This will help to create significantly less similar frames for different states of the same frame.
Similar to actions as to overlays—action that triggers other object and not the one that catches the action—it would be very useful to have an ability to influence other objects within the top frame. E.g. click an element and it triggers 1) hiding/showing another element in the top frame or 2) change state of an element in case the element is a component instance.

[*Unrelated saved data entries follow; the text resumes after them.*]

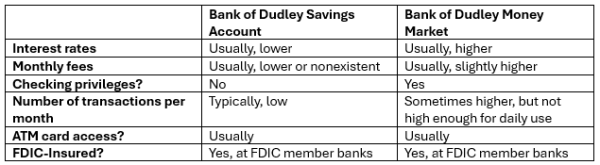 If you choose an FDIC member bank as your financial partner, that bank’s savings and money market accounts will both be covered under FDIC deposit insurance. (Read last month’s article for a discussion of how FDIC deposit insurance protects)
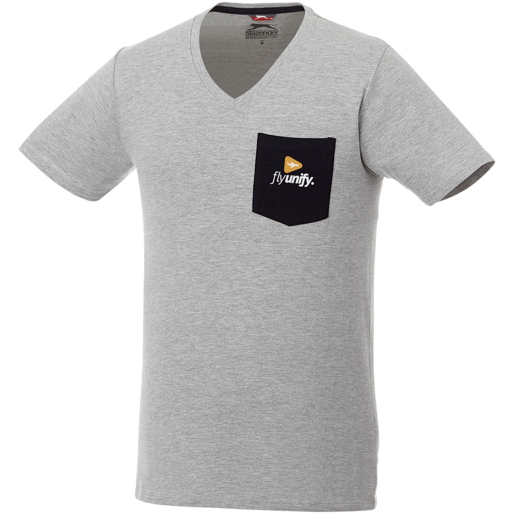 Naadloos cirkelvormig breisel. V-hals. Borstzak. Schouder tot schouder tape. Dubbele stiksels. Ophanglus in contrastkleur. Transfer maatlabel voor extra comfort.
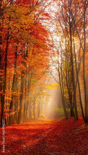 © Mithila Farzana, Fototapeta premium Enchanting Autumn Forest with Sunbeams and Red Leaves
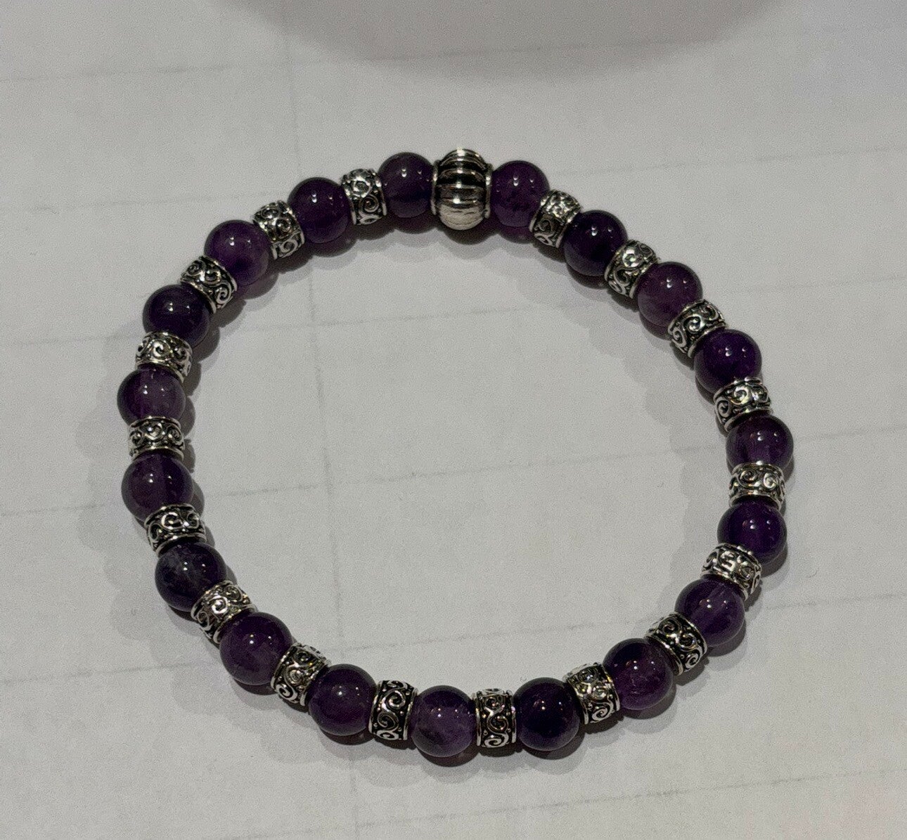 The beads on this bracelet mean love they have a round pewter spacer bead in between.
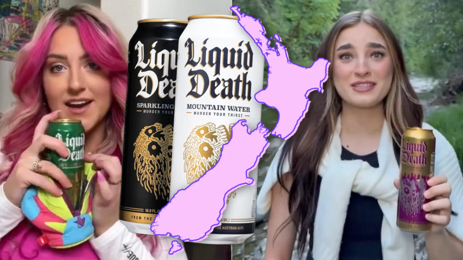 The mega-viral Liquid Death water is finally in NZ so you can get your influencer on

For example, lets imagine design of a week calendar like in Google Calendar with 7 days of a week. In the header there is a button “show/hide weekend”. The calendar itself is auto layout with 7 columns for each day. Instead of creating 2 separate identical frames—one for 7 days and another for 5 days to switch between them—it could be enough to have just one frame for both options if the “show/hide weekend” had an action to turn visibility of two weekend columns within the week auto layout on or off.
Now imagine that there are one more element in this calendar: an additional tasklist and button to show/hide the tasklist. Right now, without ability to trigger state or visibility change of other objects in a frame we need to have 4 identical frames to check all possible states of the calendar week: a) 7 days, not tasklist, b) 5 days, no tasklist, c) 7 days with tasklist, d) 5 days with tasklist.
Instead, we could just do all this within just one frame should there be a possibility to trigger visibility change of 2 weekend days and the tasklist.